Конкретное значение этого различии Гегель показывает на примере критики одного важного места из Кантовой "Критики практического разума". Кант пытается конкретизировать свой категорический императив — высший закон морали — тем, что будто бы в непротиворечивости или противоречивости отдельных поступков людей можно искать критерий моральной правильности или ложности. Он, собственно, полагает, что если человек может возвысить ту или иную моральную заповедь до уровня всеобщего закона, то тем самым философски доказана истинность этой заповеди. Кант пытается подкрепить это примером и пишет, что депозит ни в коем случае нельзя растрачивать. "И я тотчас же обнаруживаю, что такой принцип (именно растрачивание депозита. — Д. Л.), будучи законом, уничтожил бы сам себя, как это привело бы к тому, что вообще никто не будет отдавать деньги на хранение"[18]. Кант, следовательно, полагает, что с помощью этого принципа непротиворечивости из категорического императива можно выводить его общественное содержание во всех отдельных случаях.

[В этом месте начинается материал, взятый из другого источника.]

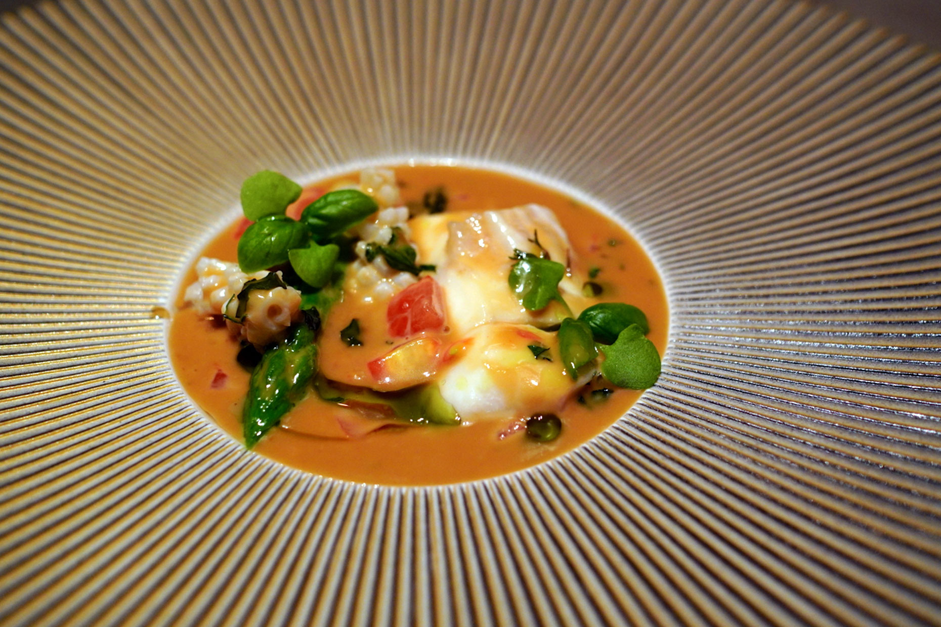 しっとりした平目と柔らかな白イカをトマトとバジル、アスパラとともに甘みとコクのディグレレソ―スで味わう一皿。

Гегель возражает против этого ясно и резко: "Но какое же противоречие возникает от того, что депозитивов больше не будет? Это будет противоречить другим необходимым определенностям, так же как то обстоятельство, что депозит возможен, будет связано с другими необходимыми определенностями и тем самым само станет необходимым. Однако не различные цели и материальные основания, а непосредственная форма понятия должна установить правильность первого или второго предположения. Для формы обе противоположные определенности одинаково безразличны"[19]. Эта гегелевская критика направлена прежде всего против положения, согласно которому то или иное общественное содержание может быть выведено из формальных моральных заповедей. Различные общественные институты образуют взаимосвязанную и изменяющуюся конкретную целостность. Их необходимость следует выводить и обосновывать, только исходя из занимаемого ими места в этой конкретной целостности. Так как Кант этой проблемы вообще не ставит (ведь он стремится выводить обособленно взятое общественное содержание непосредственно из неких формальных моральных законов), то похоже, что эта Кантова дедукция ничуть не лучше попытки получить такое содержание обманным путем. Гегель ведет борьбу против жесткого кантовско-фихтеанского противопоставления внешнего и внутреннего в морали, против противопоставления законности и моральности[20].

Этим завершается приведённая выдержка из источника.